A tall yellow sign out front says “Cajun Southern Cooking.” Sounds kind of redundant, and I’m not even going to venture into the tricky waters of trying to define Cajun cookery. Donald Link, the New Orleans chef who has earned some celebrity beyond the South with his other restaurant in the city, Herbsaint, co-owns Cochon with fellow chef Stephen Stryjewski.

Here’s how “Cajun Southern Cooking” is defined by their menu at Cochon: Spicy grilled pork ribs with watermelon pickle, smoked ham hocks with braised greens, sausage with stoneground grits and peppers, fried boudin with pickled peppers, rabbit and dumplings.

For the most part, our dinner was deftly handled. The oysters of the “wood-fired oyster roast” were fiery with the slap of chile sauce; the fried chicken livers looked like McNuggets but had a dark, earthy flavor lifted by the sweetness and heat of pepper jelly; the black-eyed-pea and pork gumbo resonated with richness and heat; and the smoked beef brisket was tender and rich, with a wonderfully sweet and lingering finish.

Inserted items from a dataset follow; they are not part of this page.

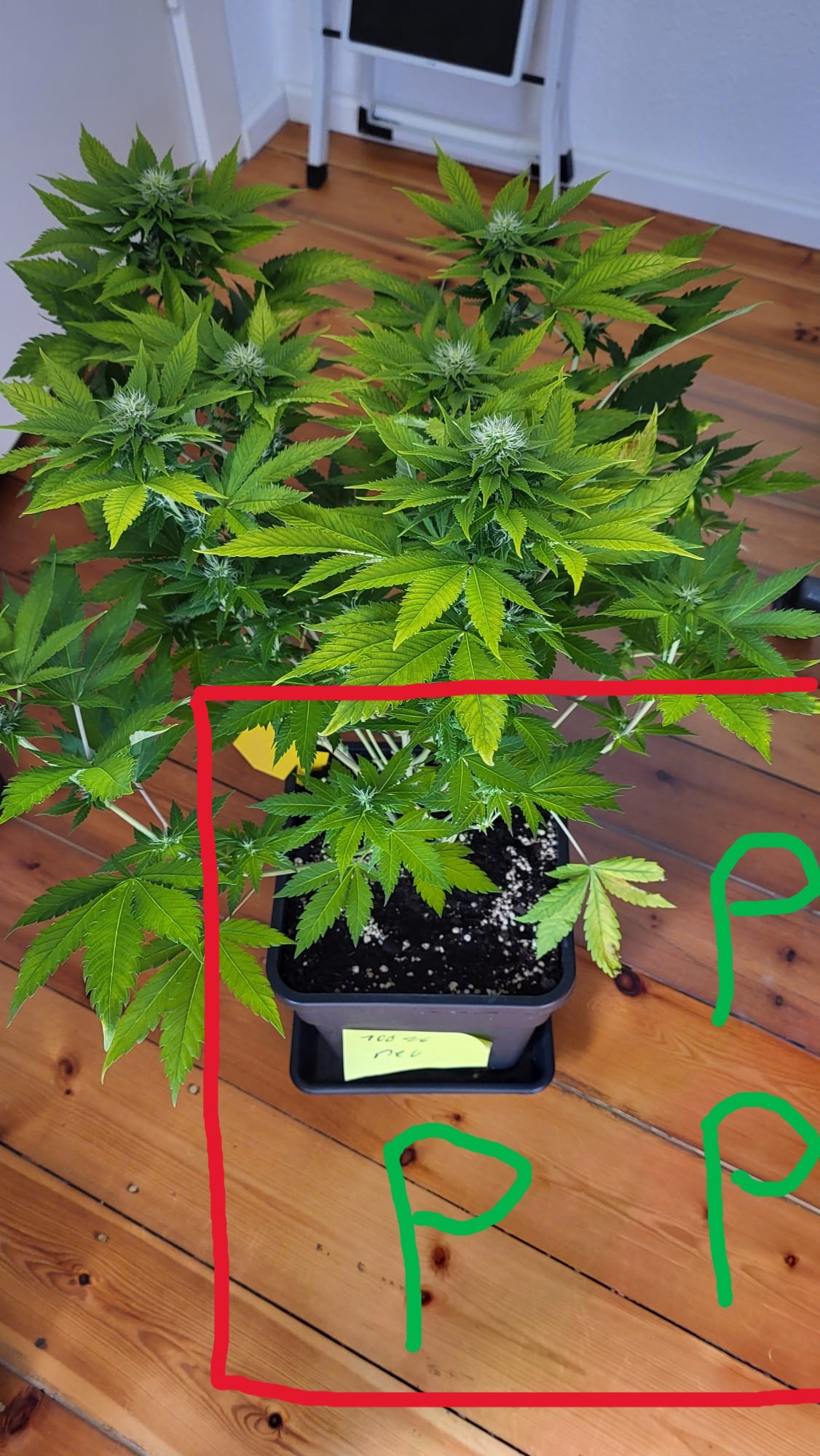 Hab mal versucht, die Anordnung im Zelt zu skizzieren. Die roten Linien wären die Zeltwand und die grünen P’s sind die anderen Pflanzen: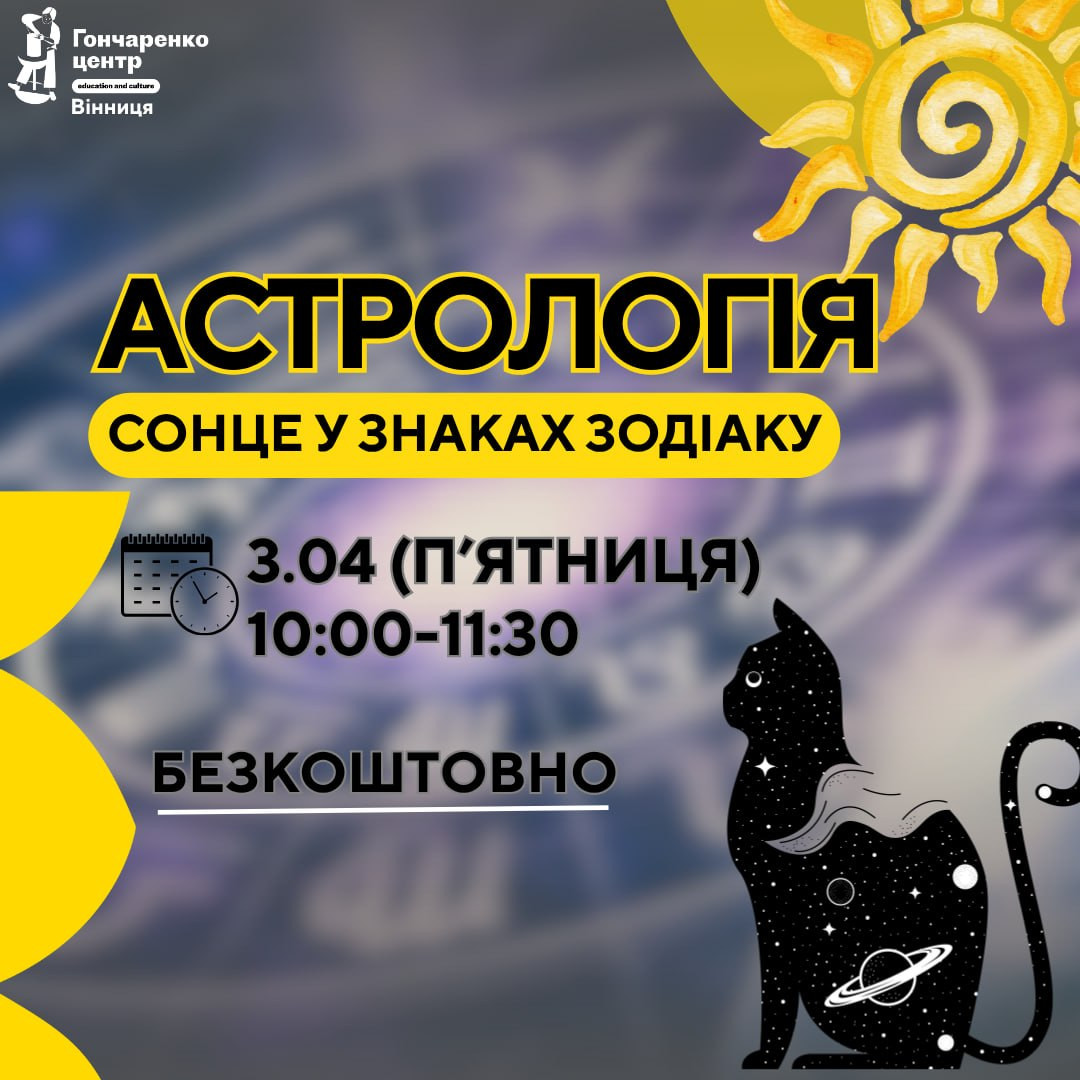 Запрошуємо на зустріч, присвячену ролі Сонця в знаках зодіаку та його впливу на особистість і життєву енергію.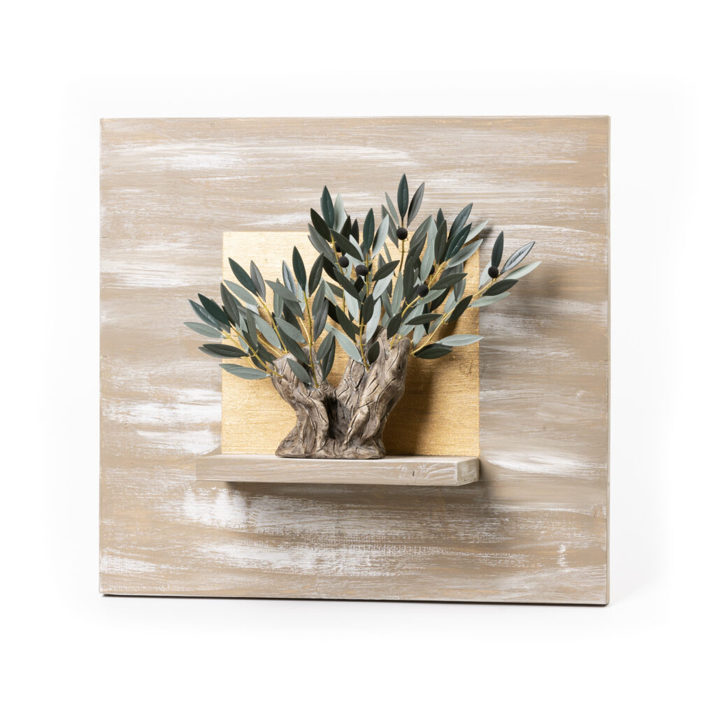 ελιάς από φύλλα ορείχαλκου με κεραμικές ελιές. Στο συγκεκριμένο προϊόν τα φύλλα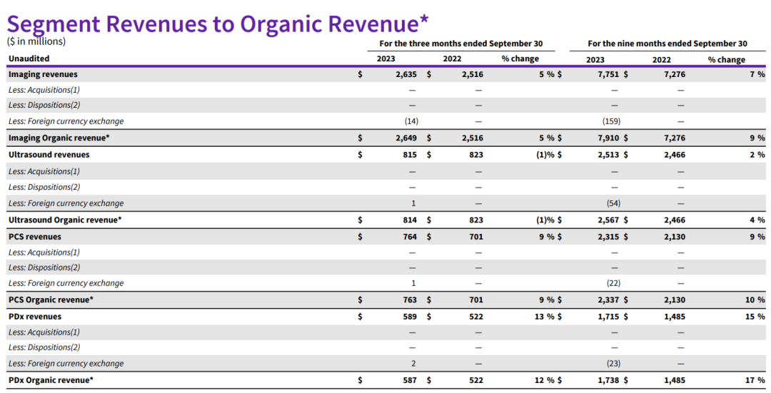 超声(占比17%):包括控制器和探头,手持设备术中成像系统可视化软件,服务和数字解决方案。营收8.15亿美元,去年同期为8.23亿美元,基本持平。

On the other hand, the shrimp and crabmeat pie was listless, and the “Louisiana cochon” - shredded pork formed into a round not unlike a crabcake - was woefully oversalted, though I loved the cabbage, turnips, peaches and cracklins that accompanied it.

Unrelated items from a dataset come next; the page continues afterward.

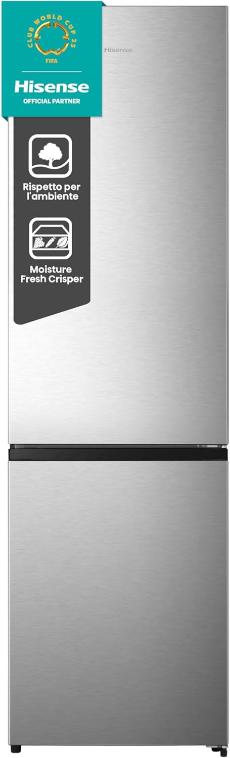 🧊 Hisense RB440N4ACA – Frigorifero Combinato Total No Frost, 335L, Classe A, Inox, Inverter, Silenzioso 35 dB, Porta Reversibile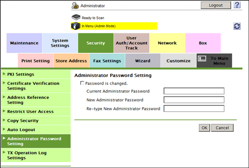 1. In the administrator mode, select [Security] - [Administrator Password Setting], and enter a new administrator password (using up to 64 characters, excluding ").
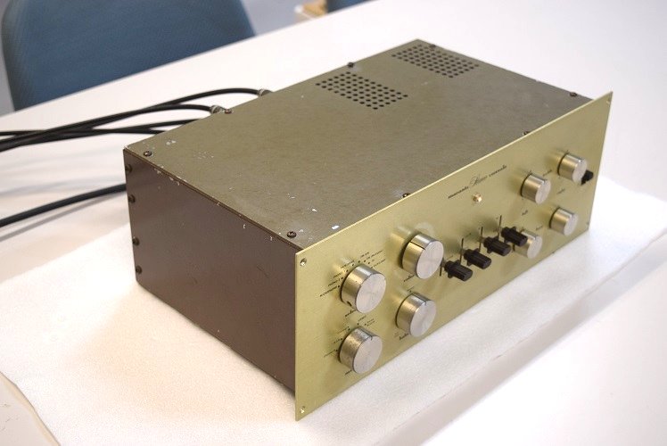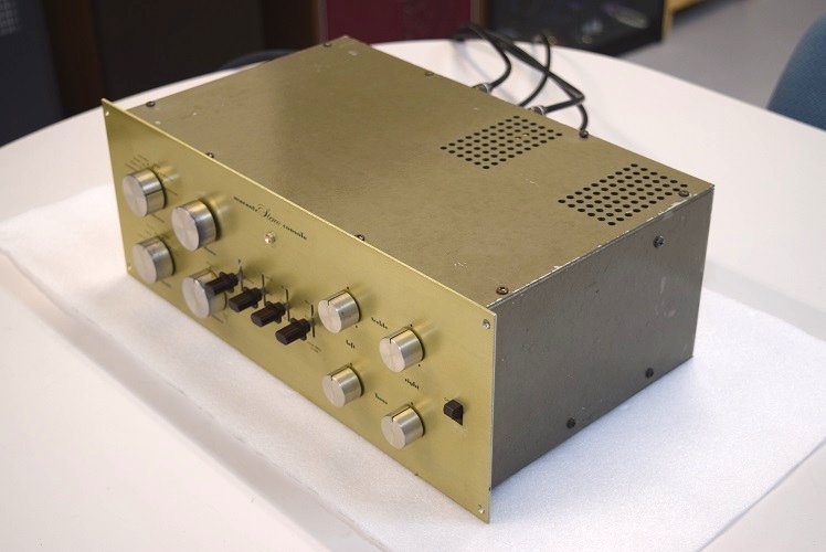 外観は年代相応の使用感がありますが、本機は敢て塗装の塗り替えは行っていません。飽くまでオリジナルとして現状を尊重しています。画像では良くわかりませんが、電源コードは切れ掛かっていて危ないのでMarantz純正ベルデンの新品と交換しました。これで当分安心して良い音を堪能できます。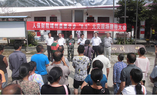 8月9日上午懷化靖州縣召開火災理賠現(xiàn)場會議,為在“8·5”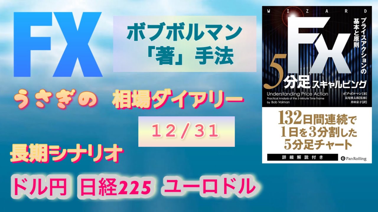 FX 相場解説 12/31 ユーロドル 【5分足スキャルピング】ボブボルマン「著」手法 長期シナリオ ユーロドル ドル円 日経225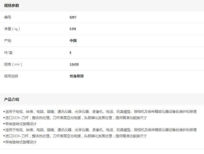 首頁>產(chǎn)品中心>螺絲批>一字螺絲批>世達微型一字批3x100mm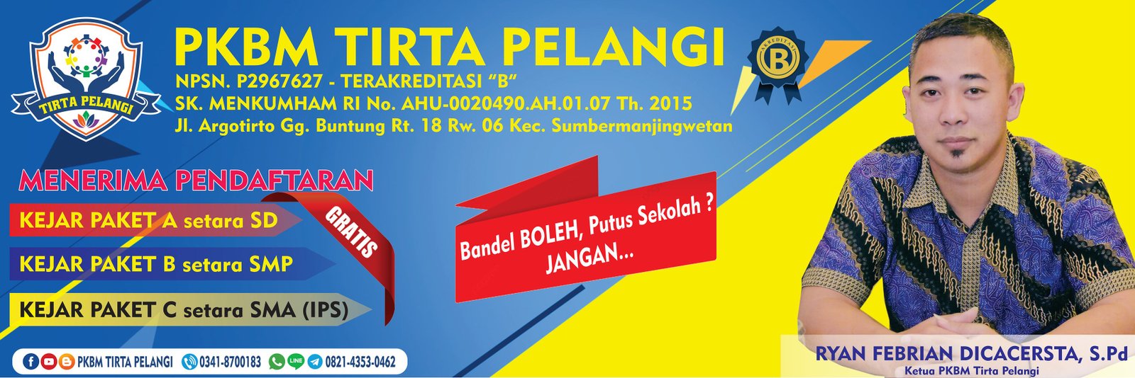 PKBM Tirta Pelangi adalah Pusat Kegiatan Belajar Masyarakat swasta yang berlokasi di Kecamatan Sumbermanjing Wetan, Kabupaten Malang, Jawa Timur. Didirikan pada tahun 2011, kami berkomitmen penuh untuk menyediakan akses pendidikan dan pengembangan keterampilan bagi seluruh lapisan masyarakat, mulai dari anak usia dini hingga dewasa.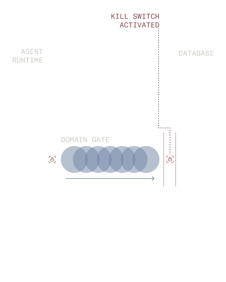 Policies and kill-switches can be applied at the Domain level to block categories of actions or halt execution when unsafe behavior is detected. Permissions can be scoped narrowly to limit what agents are allowed to request.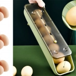 Žiadne nestabilné krabičky a rozbité vajcia. Tento chytrý zásobník na vajcia s posuvným vekom udržiava vajíčka bezpečne na mieste a vďaka sklonu sa po vybratí jedného kusu ďalšie automaticky presunie dopredu. Integrovaný posuvník dátumu vám pomôže označiť deň vloženia alebo spotreby, takže máte čerstvosť vždy pod kontrolou.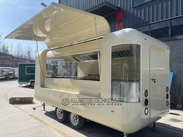 The 15ft white flying wing cloud warehouse food trailer takes “cloud mobile warehouse” as its core design inspiration. The overall design features a creamy white main color and rounded cloud lines, with the signature gull-wing lift-up roof. When opened on both sides, it forms a sunshade about 2 meters wide, which not only expands the operating space, but also becomes a “visual center” on the street, perfectly meeting the US market’s consumer demand for “Instagrammable + transparent kitchen”.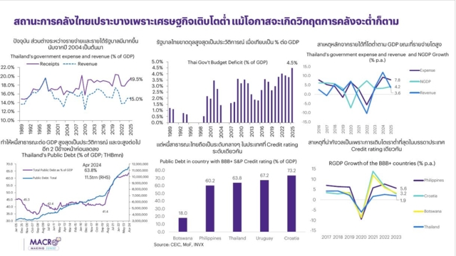 ขณะที่ความเห็นของนักเศรษฐศาสตร์ อย่างดร.ปิยศักดิ์ มานะสันต์ หัวหน้านักวิจัยเศรษฐกิจฝ่ายกลยุทธ์การลงทุน บริษัทหลักทรัพย์ อินโนเวสต์เอ็กซ์ จํากัด ยอมรับว่า ประเทศไทยมีความเสี่ยงด้านการคลังมากขึ้นเรื่อยๆ เพราะเศรษฐกิจไทยขยายตัวในอัตราที่ต่ำ การขาดดุลงบประมาณจึงสูงขึ้น อย่างล่าสุดงบประมาณปี 2568 เราขาดดุลสูงสุดเป็นประวัติการณ์ที่ราว 4.5% ของจีดีพี ในระยะยาวมีความน่าเป็นห่วง เปรียบเหมือนสึนามิที่มองเห็นอยู่ไกลๆกำลังเคลื่อนเข้ามาหาเราแต่หากเทียบกับกลุ่มประเทศยุโรป PIIGS คือตัวย่อของชื่อประเทศที่มีปัญหาเรื่องหนี้สาธารณะสูงในช่วงปี 2012 คือ โปรตุเกสไอร์แลนด์ อิตาลี กรีซ สเปน เราก็ยังไม่ถึงกับวิกฤตเช่นนั้น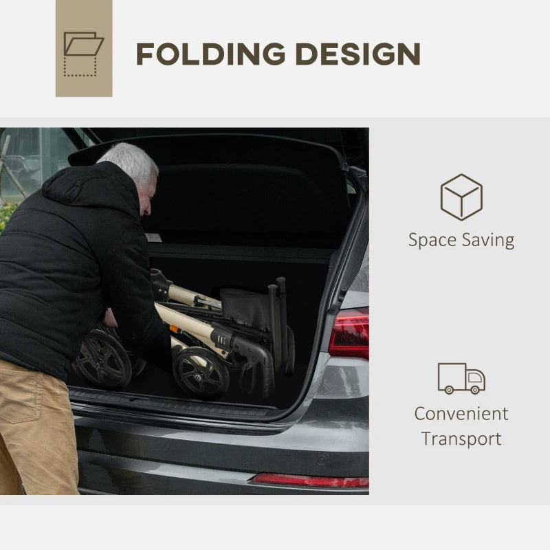 - Dimensions of the 4-wheel rollator: Overall - 67L x 64W x 80-92H cm, Seat - 45L x 25W cm. Certification: UKCA+CE. Assembly is required.

According to our server, Cochon is the only restaurant in Louisiana to serve moonshine. I’m not sure how they get away with that, but I also have been surprised to see people still smoking in restaurants throughout New Orleans, though I understand that is about to change with tighter restrictions. The best of the four kinds of moonshine they serve, she said, is the Catdaddy Carolina from North Carolina. It’s like Italian grappa, she said, but it isn’t. It arrived in a tiny glass, looking and smelling like a votive candle scented with Christmas spices. Tasted like it, too, with nutmeg the most distinctive flavor. It was warm with alcohol, but also surprisingly smooth and sweet. Grappa is potent and bracing, forcing you to take it cautiously. Catdaddy Carolina went down easily. Must be what they mean when they talk around here about the New South.